IBM PC-DOS 2.10 explorations
will.senn at gmail.com
Sun Oct 4 09:52:49 CDT 2020
On 10/3/20 4:07 PM, Fred Cisin via cctalk wrote:
> On Sat, 3 Oct 2020, Will Senn via cctalk wrote:
>> 2. Most of the Assembly examples use DOS interrupt 21 for output. Is
>> this typical of assembly programs of the time, or did folks use other
> For simple stuff, Int21H works and is portable to anything running
> Int10H is less portable. Not as commonly used.
> If you need SPEED, which all commercial software perceived a need for,
> then you need to determine WHERE video memory is (segment B000H for
> MDA, segment B800H for CGA, with TEXT modes of EGA/VGA also using
> those), and put bytes/words directly into video memory. REP MOVSW was
> generally the quickest way to put up a screenful of stuff (avoid
> segment over-ride because REP MOVSW lost that if an interrupt occured
> in mid transfer)
Great detail. I'll be playing around in the video memory. Int 21H is
fine for printf style output, but I've never really played around with
pages of data and this sounds like fun.
> Keyboard input could be done with Int21H, Int16h, or accessing memory
> in the BIOS segment.
>> 3. I was able to find a lot of 5150/5160 and other manuals, but I
>> couldn't find an IBM Macro Assembler 2.0 manual (there are plenty of
>> IBM Macro Assembler/2 manuals, but those are for OS/2, not DOS). Does
>> anyone know where I can find one online?
> MASM manual??!?
> MASM 5.0 was the first version to have documentation that a sane
> person could say was adequate.
> The MASM 5.00 manualS were pretty usable for the earlier MASM.
Hmm. I'll give it a shot.
> I used Lafore as textbook for my assembly language class
>> 4. In y'all's view, what are the significant differences between IBM
>> PC-DOS 2.10 and it's brother MS-DOS 2.x?

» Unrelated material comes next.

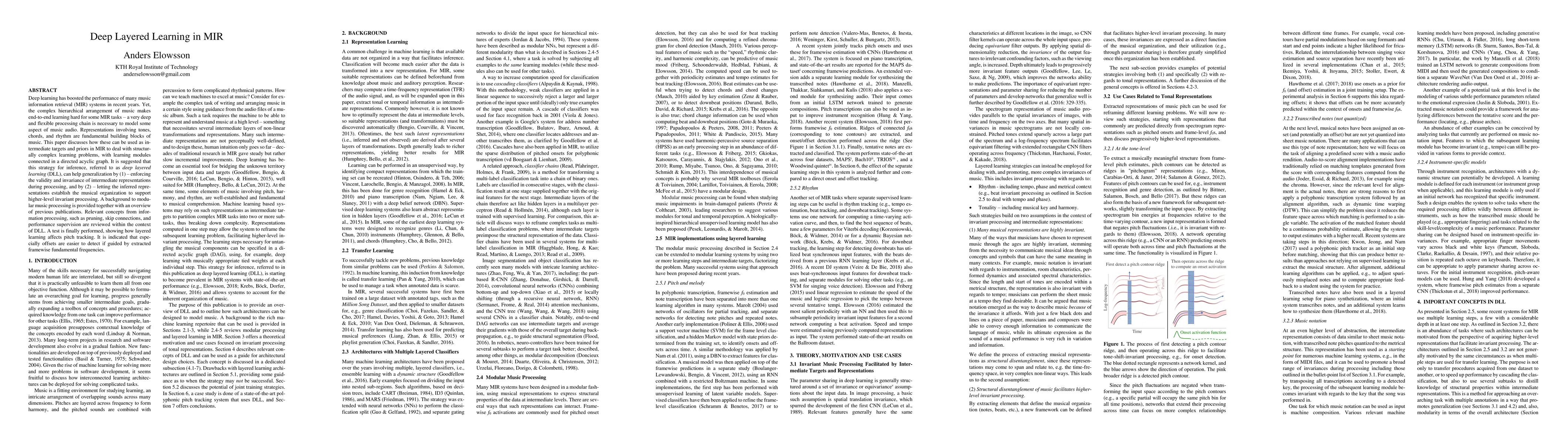 This paper explores deep layered learning (DLL) in music information retrieval (MIR) to tackle complex hierarchical music structures. DLL uses intermediate targets like tones, chords, and rhythm to enhance generalization and facilitate higher-level invariant processing, demonstrating improved pitch tracking performance.

> 2.00 to 2.10 was minor changes. Perhaps the most significant was that
> the PCJr used the QumeTrak 142 (early half-height) drives, which were
> TOO SLOW for 2.00, so PC-DOS 2.10 slowed down the DOS track to track
> access time.
> 2.11 was MS-DOS ONLY, not PC-DOS. It was one of the favorite ones for
> OEMs to patch for different video or different drives (such as 720K 3.5")
> PC-DOS didn't get 3.5" drives until PC-DOS 3.20.
> PC-DOS 3.30 added 1.4M If you want CD-ROM, 3.10 added the "network
> MS-DOS (NOT PC-DOS) 3.31, another favorite for patching, was the first
> to support hard drives larger than 32M
> PC-DOS 4.00 was unpopular, partially becaause IBM didn't pre-warn
> Norton to revise their fUtilities.
> MS-DOS 5.00 was the first to be sold RETAIL (not gray-market from an
> OEM), and added such things as SETVER (so LINK and EXe2BIN didn't need
> patching for DOS versions).
> MS-DOS 6.00 added a whole cartful of bundled aftermarket add-ons,
> including compression, SMARTDRV disk cacheing, etc.
> PC-DOS 6.10 had a cartful of different aftermarket brands of the same
> MS-DOS 6.20 was the first version of MS-DOS for which imporving
> reliability was primary goal! (instead of adding smell-o-vision,
> dancing kangaroos and yodelling jellyfish)
> It backed off the settings for SMARTDRV so that disks didn't get
> trashed (incorrectly blamed on compression)
> 6.21 was same, without compression due to copyright lawsuit(s).
> 6.22 was same with non-infringing compression
Great detail, thanks.
>> 5. I'm thinking of moving on to 3.3 at some point, in your view, what
>> are the advantages?
> Consider 3.31, instead of 3.30, to get larger drive support.
I am using a Thinkpad T430 w/DOS 6.22. If I can figure out how to get
3.31 on there, I'll give it a shot. I bought a Floppy-USB connector for
my old 1.44 floppy drive and it works fine with DOS 6.22, but I'm not
sure where to locate 3.31 media that I could burn onto a 1.44 floppy and
boot. I have sealed IBM DOS 3.3 media, but I don't think my T430 is
really compatible :). So, I'm not keen on opening the seal...
> Bob Wallace (MICROS~1 10th? employee) wrote the IBM PASCAL. He
> advised me to NOT use the run-time library.
Well, there's a thought. I have Turbo Pascal 3 and it works fine. I just
like the feeling of running the old stuff.